Un sinistre personnage est
terriblement présent, tout au long de ces pages, le Dr Mengele. Il semble en permanence
sélectionner ses prochains sujets d’expérience. Dita aura du mal à lui échapper,
d’autant plus qu’elle est persuadée qu’il la « cherche ».
Mais quelle est la part de réalité de
cette petite bulle éducative ? Elle n’est finalement qu’un leurre, mis en
place pour rassurer les inspecteurs internationaux au cas d’une visite surprise
de la Croix Rouge. Le bloc sera finalement démantelé et la moitié de sa
population gazée. Dita échappera à ce convoi et sera transférée dans un autre
enfer, celui de Bergen-Belsen. Elle perdra sa mère le jour de la libération du
camp par les anglais.
Âgée de 90 ans lors de la publication
du livre, Dita vit toujours, en pleine forme en Israël. Elle est d’abord
rentrée à Prague où elle s’est mariée avec un autre rescapé, puis s’est enfuie
vers la Terre Promise, ne pouvant pas supporter, après l’horreur nazie, la
brutalité soviétique. Elle a gardé un petit appartement dans la Cité Magique où
elle retourne régulièrement se ressourcer dans la synagogue espagnole ou sur la
tombe de Rabbi Loew.
Un magnifique poème à la gloire de la
liberté et de la volonté.
Les séjours de longue durée à l'hôpital donnent au moins le loisir de faire des révisions :
Dan Brown avait enflammé la planète ésotérique par son Da
Vinci Code. Avec Le Symbole Perdu, (JC Lattès, 2008), il s’attaque à
un autre morceau de choix, le secret des francs-maçons. Robert Langdon est
appelé à Washington pour donner un cours de symbolisme pour le compte d’un de
ses amis, invitation qui n’est autre qu’un piège pour le plonger dans une
sombre affaire de famille et pour le mettre à contribution dans la recherche du
message perdu des Frères. La légende veut en effet que l’humanité ait eu accès,
à l’origine des temps, à un lourd Mystère, une connaissance lumineuse faisant
de l’homme l’égal de Dieu. Mais l’homme se révolta contre son créateur et ce
précieux savoir se perdit. Toutes les écoles symboliques, comme la F+M, en
gardent un souvenir confus. On pense ici à « la Tradition
Primordiale » chère à René Guénon. Il est certain que retrouver ce vieux
secret rendrait à l’homme toute sa plénitude et des pouvoirs illimités. On
laisse entendre qu’il faut passer par le 33ème degré de l’Ordre pour
en retrouver la trace.
La quête de notre professeur érudit
se déroule essentiellement dans la capitale américaine, dans les locaux du
Capitole. Il est vrai que beaucoup de chercheurs romantiques voient dans la
géographie et l’architecture de Washington la profonde empreinte maçonnique des
pères fondateurs de la ville.
La recherche est passionnante,
parfaitement documentée et réservant au lecteur des jets d’hémoglobine parfois
difficilement soutenables. Je ne spolierai pas la chute, mais le fameux secret,
comme « la lettre volée », n’est-il pas sous nos yeux ?
Le Da Vinci Code avait
suscité des tonnes d’ouvrage d’études, analyses et critiques. Ce dernier opus
ne déclenchera pas de torrent littéraire similaire. Signalons cependant Le
Symbole Retrouvé de Giacometti et Ravenne qui décortique bien le travail de
l’auteur américain (2009).
Remarques sur
la Noétique
Mis à part la F+M, la Noétique est
le véritable héros de ce roman par le biais d’une chercheuse, sœur de l’ami de
Robert Langdon à Washington. Wikipedia est très elliptique sur cette
discipline : « La noétique est un adjectif utilisé
en phénoménologie pour désigner ce qui concerne l'acte de la pensée, la noèse.

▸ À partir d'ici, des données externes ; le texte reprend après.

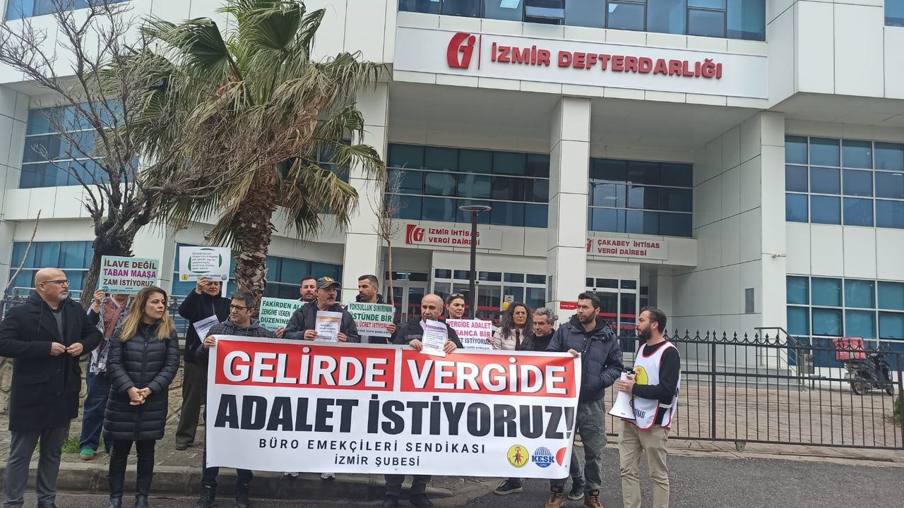 Son Mühür- Berivan Kaya/ Büro Emekçileri Sendikası (BES) İzmir Şubesi bugün İzmir Defterdarlığı önünde 36. Vergi Haftası'nı protesto etti.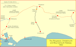The Ringwood, Christchurch and Bournemouth Railway (RC&BR) was a railway company formed to link Christchurch and Bournemouth, England, to the London and South Western Railway's Southampton and Dorchester line at Ringwood. The RC&BR opened in 1862 from Christchurch to Ringwood, and was extended to Bournemouth in 1870, sharing in the growing popularity of the town. However the route was circuitous, and the London and South Western Railway opened a shorter route between Brockenhurst and Christchurch via Sway in 1888, making the Ringwood to Christchurch section a branch line.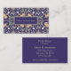 Letar du efter visitkort som utstrålar elegans? Fruit and Flowers Midnight Blue Visitkort har ett elegant mönster som bakgrund, med ditt namn i centrum. Baksidan av kortet innehåller kortinnehavarens information i tan text på en lila bakgrund.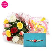 Send fancy and flowery wishes to your brother this Rakshabandhan and make him feel special. Your gift contain: 10 mix color , packed in cellophane sheet and yellow & pink ribbons, Rakhi with complimentary Roli Chawal

La noétique est une branche de la philosophie métaphysique et de la philosophie
de l'esprit concernant l'intellect et la pensée. C'est l'étude ou la théorie de
la connaissance, de la pensée. » Nous sommes très proche du concept de
« noosphère » de Teilhard de Chardin qui serait « … la
représentation d'une couche de faible épaisseur entourant la Terre qui matérialiserait à la fois
toutes les consciences de l'humanité et toute la capacité de cette dernière à penser ». On
flirte aussi avec la théorie des archétypes de Jung.
Dans le roman, la noétique est l’analyse des relations qui existent entre
la conscience et la matière. Il existe du reste un très sérieux « Institut
des Sciences Noétiques » à Genève que j’ai eu le plaisir de visiter. Sous
le pilotage de la dynamique Sylvie Dethiolaz, cet institut, qui est un peu de
la même famille que notre « Institut Métapsychique », se consacre
essentiellement aux phénomènes de décorporation (y compris les NDE).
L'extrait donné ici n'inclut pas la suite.